You won't find it. The old no low voltage mixed with line voltage rule is not so cut and dry. 
The reason you can do it has to do with insulation rating, not so much the voltage voltage. Here is the applicable text:

_All conductors shall have an insulation rating equal to at least the maximum circuit voltage applied to any conductor within the enclosure, cable, or raceway.

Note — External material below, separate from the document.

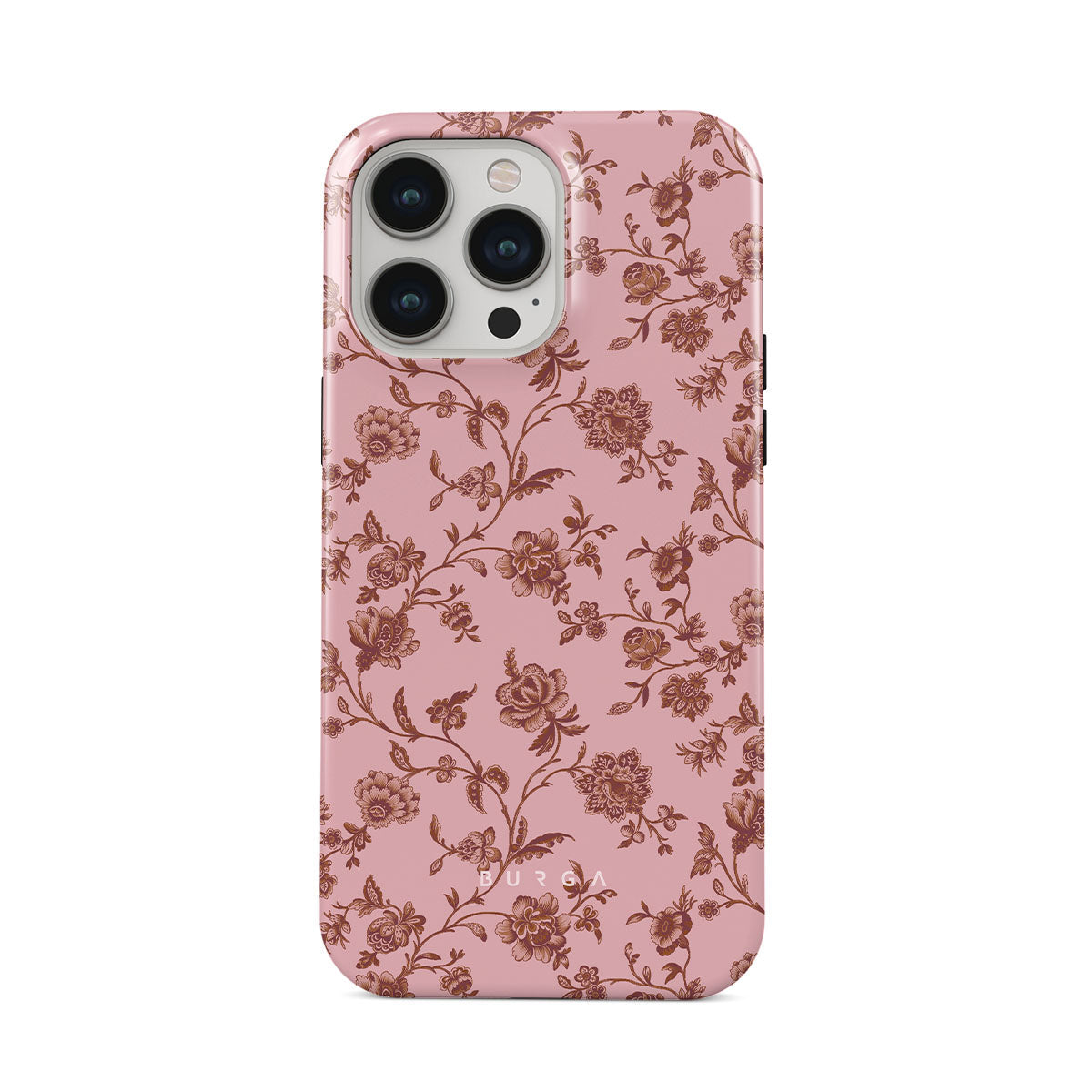 The Lover iPhone 13 Pro Max phone case design: because you're a Lover, not a fighter. Delicate floral motifs across a soft pink background capture the essence of timeless beauty and rustic elegance. Perfect for modern-day cowgirls with a vintage heart.

_Are you an electrical inspector?


----------



## makita1 (Mar 27, 2008)

I am, however I am relatively new. I am doing this resaerch so that I can make informed calls in the field rather than quickly approving or denying something because it looks different.


----------



## Speedy Petey (Jan 10, 2007)

Very good.
Welcome to the site!


----------



## Idaho Abe (Nov 28, 2007)

*Welcome to the forum*

Welcome Makita I am an electrical inspector in Idaho. Glad you are asking questions.


----------



## Speedy Petey (Jan 10, 2007)

I forgot to add. I see from your other post that this is a Smart House system. I have sen that stuff but never used it. I do know it is a bundled cable. I think by it's nature the conductors would need to be similar in rating, regardless of where they land.
You also have to be concerned with separation in the boxes.


----------



## a-bulb (Feb 13, 2008)

With the Lutron lighting control systems for the vario system switches Lutron makes keypad cable that is 600 v rated. You can run the 600v cable in the box or use the regular keypad wire and stub it out just above the box on the outside. you can have the control wires on the switch come out the back or route them out and then back in through a hole they provide on the yolk for this purpose. I see lots of guys running L.V keypad wire in the box with the line and the inspectors never catch it. Good job :thumbsup:


----------



## a-bulb (Feb 13, 2008)

2008 N.E.C 725.48A, 725.48B 1-4 May be the same with 2005, left that code book at the job.


----------



## Pierre Belarge (Feb 3, 2007)

a-bulb said:


> 2008 N.E.C 725.48A, 725.48B 1-4 May be the same with 2005, left that code book at the job.


 


In the 2005 NEC, there is reference close to where Peter quoted from. 300.3(C)

Look past the exception, and there is an FPN. The FPN refers one to 725.55. 725.55 has subsections (A) - (J).


725.55(D) applies to the OP's post.
It is very difficult to comply with the requirements here, but it can be done with care.
If you go to the LUTRON website, they have presented a page that deals with this very scenario. It shows by wording and an illustration how to install their system. Wait to you see how they have put this together.


----------